I tried to look at the details of these aspects of the netlink protocol
today and, I have to confess that it is a bit hairy so, I went back and
tried to first figure out how the netlink protocol works and how it can
be used for some simple things.
First, I noticed that we have a nice rfc for this at
ftp://ftp.rfc-editor.org/in-notes/rfc3549.txt which will, undoubtedly,
contain errors because the kernel code is the only authoritative source,
but, it is a good start. Another nice link is this:
http://people.redhat.com/nhorman/papers/netlink.pdf
The first type of messages I looked at are the messages which you can
use to get a list of network interfaces (devices) in a system. These are
defined in section 2.3.3.1. As florian and you suggested, looking over
the libnl sources helped a lot to figure out how this works. So, here is
a small summary of how these messages work.
1) construct a message header with type RTM_GETLINK and flags NLM_F_ROOT
and NLM_F_MATCH. message body contains a single 8 bit family field set
to AF_UNSPEC. send message.
2) read reply from kernel: a set of concatenated RTM_NEWLINK messages
with flag NLM_F_MULTI terminated by a message of type NLMSG_DONE. Each
RTM_NEWLINK message contains first an "Interface service message
template" (as defined in 2.3.3.1) followed by a set of TLV-encoded
attributes: IFLA_IFNAME, IFLA_TXQLEN, IFLA_OPERSTATE, IFLA_LINKMODE,
IFLA_MTU, IFLA_MAP, and, optionally, any of the IFLA_LINK, IFLA_MASTER,
IFLA_QDISC, IFLA_ADDRESS, IFLA_BROADCAST, IFLA_STATS. (I am reading
rtnl_fill_ifinfo in linux-2.6.25/net/code/rtnetlink.c). Each NEWLINK
message is aligned to the nearest 4 byte boundary (as per NLMSG_ALIGNTO)

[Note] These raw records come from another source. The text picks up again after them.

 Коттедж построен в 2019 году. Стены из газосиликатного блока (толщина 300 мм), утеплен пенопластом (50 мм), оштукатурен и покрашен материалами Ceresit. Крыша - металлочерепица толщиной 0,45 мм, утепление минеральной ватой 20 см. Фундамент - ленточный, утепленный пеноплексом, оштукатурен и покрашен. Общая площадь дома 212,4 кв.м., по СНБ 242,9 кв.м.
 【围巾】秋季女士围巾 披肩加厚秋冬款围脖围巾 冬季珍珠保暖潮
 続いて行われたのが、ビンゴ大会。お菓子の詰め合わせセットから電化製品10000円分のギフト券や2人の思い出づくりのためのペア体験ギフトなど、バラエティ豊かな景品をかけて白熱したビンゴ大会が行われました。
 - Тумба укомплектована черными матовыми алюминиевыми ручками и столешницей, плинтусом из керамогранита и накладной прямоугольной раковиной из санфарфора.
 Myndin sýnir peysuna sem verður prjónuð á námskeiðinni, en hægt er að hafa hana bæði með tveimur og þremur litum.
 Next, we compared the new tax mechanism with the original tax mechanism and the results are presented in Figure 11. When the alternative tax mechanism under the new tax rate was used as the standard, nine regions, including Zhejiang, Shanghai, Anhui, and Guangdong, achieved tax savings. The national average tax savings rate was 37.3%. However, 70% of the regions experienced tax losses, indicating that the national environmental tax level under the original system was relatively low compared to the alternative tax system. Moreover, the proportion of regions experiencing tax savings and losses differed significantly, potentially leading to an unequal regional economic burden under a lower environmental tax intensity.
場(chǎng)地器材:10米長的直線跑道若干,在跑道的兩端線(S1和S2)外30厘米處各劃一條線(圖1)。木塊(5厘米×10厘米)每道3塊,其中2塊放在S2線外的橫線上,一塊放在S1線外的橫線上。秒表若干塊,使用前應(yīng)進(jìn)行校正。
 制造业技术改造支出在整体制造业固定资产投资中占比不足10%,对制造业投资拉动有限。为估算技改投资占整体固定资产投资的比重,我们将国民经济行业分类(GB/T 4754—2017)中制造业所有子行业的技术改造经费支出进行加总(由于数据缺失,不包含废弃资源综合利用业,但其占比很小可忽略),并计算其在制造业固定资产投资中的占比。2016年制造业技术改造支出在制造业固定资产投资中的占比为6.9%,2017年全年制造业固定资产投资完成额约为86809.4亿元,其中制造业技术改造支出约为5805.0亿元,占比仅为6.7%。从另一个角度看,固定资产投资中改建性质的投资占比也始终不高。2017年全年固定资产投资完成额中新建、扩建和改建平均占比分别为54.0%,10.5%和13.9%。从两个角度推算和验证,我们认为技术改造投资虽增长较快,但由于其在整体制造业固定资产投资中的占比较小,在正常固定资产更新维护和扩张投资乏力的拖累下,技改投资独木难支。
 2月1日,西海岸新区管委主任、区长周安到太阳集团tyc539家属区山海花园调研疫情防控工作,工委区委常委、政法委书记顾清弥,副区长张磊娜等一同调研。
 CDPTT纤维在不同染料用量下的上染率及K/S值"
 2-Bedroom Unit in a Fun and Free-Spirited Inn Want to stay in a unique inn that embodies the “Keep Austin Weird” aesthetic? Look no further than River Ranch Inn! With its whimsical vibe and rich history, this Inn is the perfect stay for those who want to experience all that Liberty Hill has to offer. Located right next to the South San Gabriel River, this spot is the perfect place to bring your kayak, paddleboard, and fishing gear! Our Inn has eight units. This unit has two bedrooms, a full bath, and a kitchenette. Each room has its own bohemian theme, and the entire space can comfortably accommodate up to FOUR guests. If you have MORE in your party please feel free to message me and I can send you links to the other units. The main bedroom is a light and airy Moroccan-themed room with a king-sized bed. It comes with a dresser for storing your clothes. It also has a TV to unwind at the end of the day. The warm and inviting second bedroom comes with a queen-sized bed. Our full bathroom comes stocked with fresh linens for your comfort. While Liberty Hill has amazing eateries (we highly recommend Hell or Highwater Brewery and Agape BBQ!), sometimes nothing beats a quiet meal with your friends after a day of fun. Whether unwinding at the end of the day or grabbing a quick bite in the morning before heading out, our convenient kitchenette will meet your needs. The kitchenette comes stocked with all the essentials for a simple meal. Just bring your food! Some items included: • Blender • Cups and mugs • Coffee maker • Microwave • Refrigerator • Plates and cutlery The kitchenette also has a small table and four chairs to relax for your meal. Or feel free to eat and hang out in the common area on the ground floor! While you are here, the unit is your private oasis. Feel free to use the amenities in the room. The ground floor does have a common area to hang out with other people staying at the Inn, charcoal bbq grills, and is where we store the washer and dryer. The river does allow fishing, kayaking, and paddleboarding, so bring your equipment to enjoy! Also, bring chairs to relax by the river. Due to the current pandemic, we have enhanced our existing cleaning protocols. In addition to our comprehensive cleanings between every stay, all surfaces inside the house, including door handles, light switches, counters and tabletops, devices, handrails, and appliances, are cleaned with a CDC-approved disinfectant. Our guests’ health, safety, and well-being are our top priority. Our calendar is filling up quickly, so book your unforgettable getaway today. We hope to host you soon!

while each attribute is stored as a (type,length,data) triplet with type
and length stored at 16 bit integers and data a variable length data
field aligned to the nearest 4 byte boundary (see NLA_HDRLEN,
linux-2.6.25/include/linux/netlink.h)
Although the rfc seems to imply a network byte order, the implementation
looks like it uses the host native byte order.
Now, as an exercise, let's look at how we could implement this without
having to copy/paste all of the linux kernel netlink implementation.
The first thing to observe is that the messages exchanged are really
made of:
1) a set of consecutive netlink message headers+body. If there is more
than one header, all but the last are flagged with NLM_F_MULTI and the
last one is of type NLMSG_DONE.
2) each body always starts with a message-specific "template" followed
by a set of message-specific TLV-encoded attributes.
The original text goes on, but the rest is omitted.